Your objective: Within the entries below, the lines from the one with "コミュニティデザインは、この" through the one with "View 360 degree" are to be set down exactly, both ends kept.

Records to process:
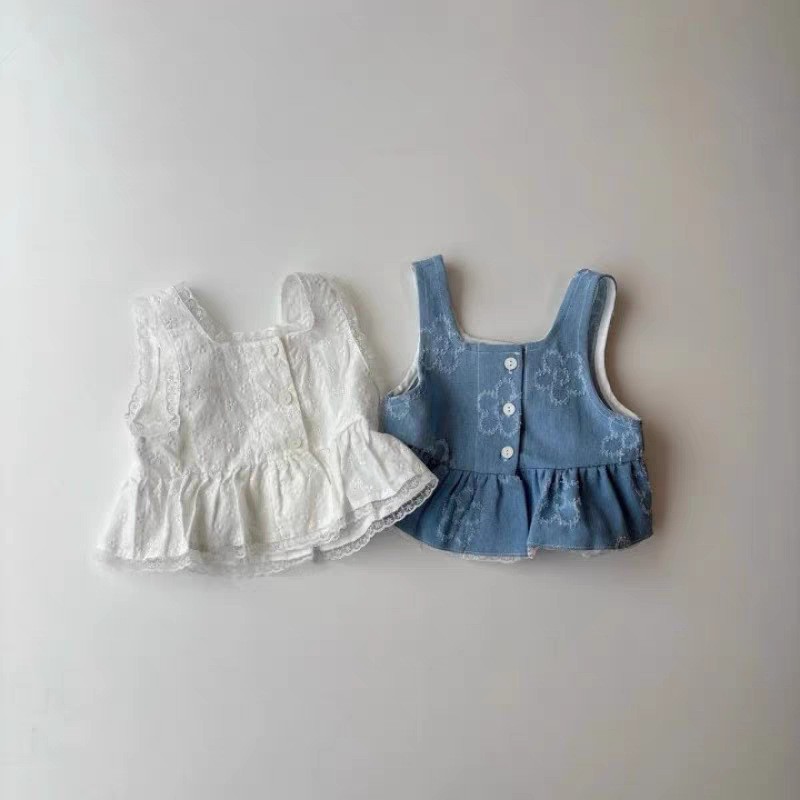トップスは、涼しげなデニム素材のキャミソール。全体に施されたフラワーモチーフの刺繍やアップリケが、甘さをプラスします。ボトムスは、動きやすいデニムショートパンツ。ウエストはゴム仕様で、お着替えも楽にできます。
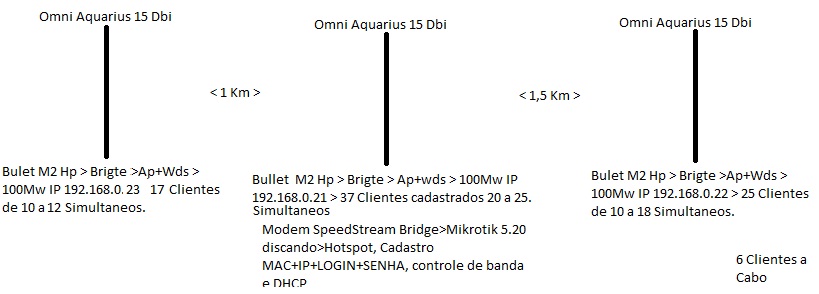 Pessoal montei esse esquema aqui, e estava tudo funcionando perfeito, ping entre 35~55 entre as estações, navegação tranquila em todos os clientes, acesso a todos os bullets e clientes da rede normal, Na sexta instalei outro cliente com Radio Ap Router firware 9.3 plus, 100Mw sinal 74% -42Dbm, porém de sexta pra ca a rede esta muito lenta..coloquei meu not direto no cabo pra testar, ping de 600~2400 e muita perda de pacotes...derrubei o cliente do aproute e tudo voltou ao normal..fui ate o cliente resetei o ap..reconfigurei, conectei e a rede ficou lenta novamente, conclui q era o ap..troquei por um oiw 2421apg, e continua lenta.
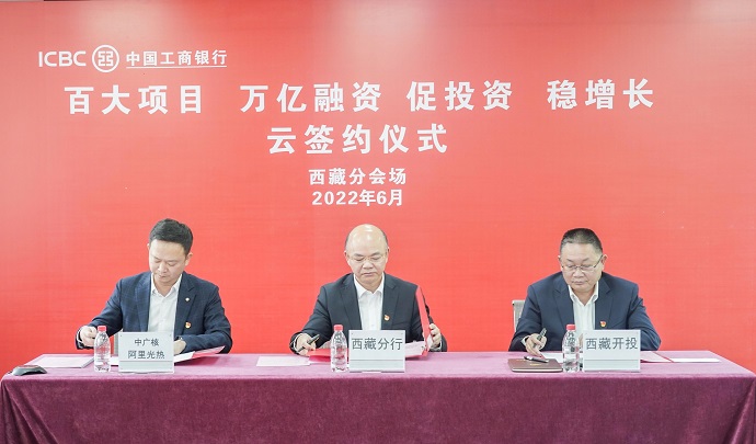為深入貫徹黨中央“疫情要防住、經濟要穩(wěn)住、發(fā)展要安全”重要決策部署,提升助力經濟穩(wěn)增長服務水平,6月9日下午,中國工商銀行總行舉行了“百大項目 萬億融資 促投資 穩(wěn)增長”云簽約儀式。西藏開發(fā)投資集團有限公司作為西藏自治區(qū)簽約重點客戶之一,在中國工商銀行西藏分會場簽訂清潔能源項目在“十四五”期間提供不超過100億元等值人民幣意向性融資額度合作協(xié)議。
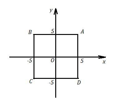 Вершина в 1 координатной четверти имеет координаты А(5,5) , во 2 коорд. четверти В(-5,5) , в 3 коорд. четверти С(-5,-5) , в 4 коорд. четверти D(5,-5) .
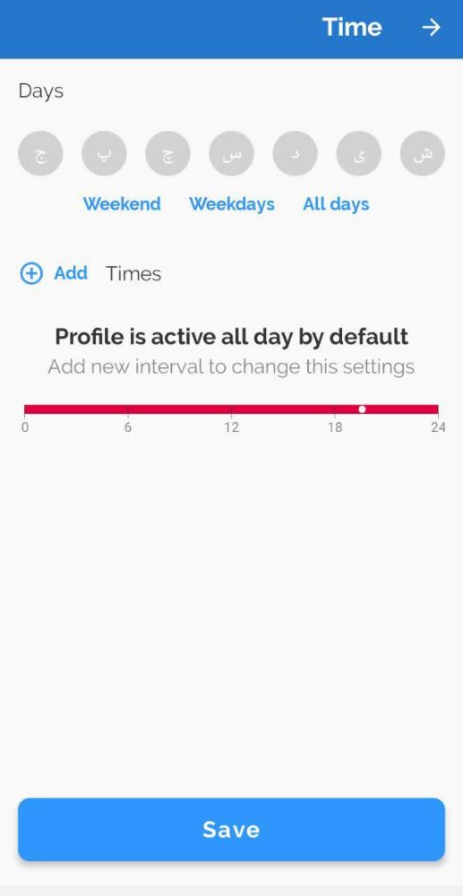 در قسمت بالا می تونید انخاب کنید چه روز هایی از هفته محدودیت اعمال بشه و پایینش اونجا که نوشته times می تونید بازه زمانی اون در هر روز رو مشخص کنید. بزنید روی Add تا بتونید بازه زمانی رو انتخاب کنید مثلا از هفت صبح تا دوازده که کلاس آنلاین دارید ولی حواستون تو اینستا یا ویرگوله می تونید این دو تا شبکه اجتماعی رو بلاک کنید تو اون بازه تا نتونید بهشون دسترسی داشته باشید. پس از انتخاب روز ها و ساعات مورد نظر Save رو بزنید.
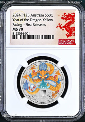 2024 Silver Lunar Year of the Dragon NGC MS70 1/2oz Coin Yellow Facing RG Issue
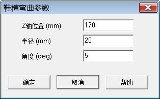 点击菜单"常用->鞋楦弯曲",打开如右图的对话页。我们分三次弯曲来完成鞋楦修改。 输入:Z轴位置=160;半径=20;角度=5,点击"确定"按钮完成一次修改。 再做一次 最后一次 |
...
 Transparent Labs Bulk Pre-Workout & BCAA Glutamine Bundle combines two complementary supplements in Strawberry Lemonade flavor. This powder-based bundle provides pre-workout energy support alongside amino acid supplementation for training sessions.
--
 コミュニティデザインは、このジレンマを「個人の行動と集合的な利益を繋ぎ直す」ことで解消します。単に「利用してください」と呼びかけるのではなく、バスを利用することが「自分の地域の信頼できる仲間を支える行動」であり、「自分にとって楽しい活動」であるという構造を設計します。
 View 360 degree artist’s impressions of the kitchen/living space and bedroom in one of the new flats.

Written reply:
 コミュニティデザインは、このジレンマを「個人の行動と集合的な利益を繋ぎ直す」ことで解消します。単に「利用してください」と呼びかけるのではなく、バスを利用することが「自分の地域の信頼できる仲間を支える行動」であり、「自分にとって楽しい活動」であるという構造を設計します。
 View 360 degree artist’s impressions of the kitchen/living space and bedroom in one of the new flats.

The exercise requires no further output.